17
Juin

Diffamation: irrecevabilité de l’action civile dirigée contre la seule société éditrice

Dans un arrêt en date du 17 juin 2015, la Cour de cassation est venue rappeler les conditions de mise en oeuvre de la responsabilité en cascade prévue par les dispositions des articles 42 et 43 de la loi du 29 juillet 1881, et notamment de l’impossibilité de mettre en cause la responsabilité civile d’une personne ne figurant pas dans la liste des personnes présumées responsables des dommages découlant d’une infraction de presse limitativement énumérée par ces articles.

En l’espèce, un individu se disant victime d’une diffamation avait assigné en référé la société éditrice aux fins d’indemnisation provisionnelle de son préjudice, sans avoir mis en cause ni le Directeur de publication du journal en cause, ni même  l’auteur des propos poursuivis.

Son action civile était déclarée irrecevable par les premiers juges, puis par la Cour d’appel, au motif que la société éditrice, qui avait été assignée, ne figurait pas dans la liste des personnes présumées responsables d’une infraction de presse au sens des dispositions précitées.

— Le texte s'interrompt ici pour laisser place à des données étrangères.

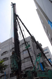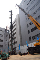 | ついに杭打ち機が起き上がりました。ものすごい高さに圧倒されます。 |

La Cour de cassation confirmera l’arrêt entrepris en précisant que « doivent recevoir application devant la juridiction civile les articles 42 et 43 de la loi du 29 juillet 1881, qui énumèrent les personnes susceptibles d’engager leur responsabilité pénale en cas d’infractions commises par la voie de la presse, ainsi que l’article 44 de la même loi, aux termes duquel les propriétaires des journaux ou écrits périodiques sont responsables des condamnations pécuniaires prononcées au profit des tiers contre les personnes désignées dans les deux articles précédents, conformément aux dispositions des articles 1382, 1383, 1384 du code civil ».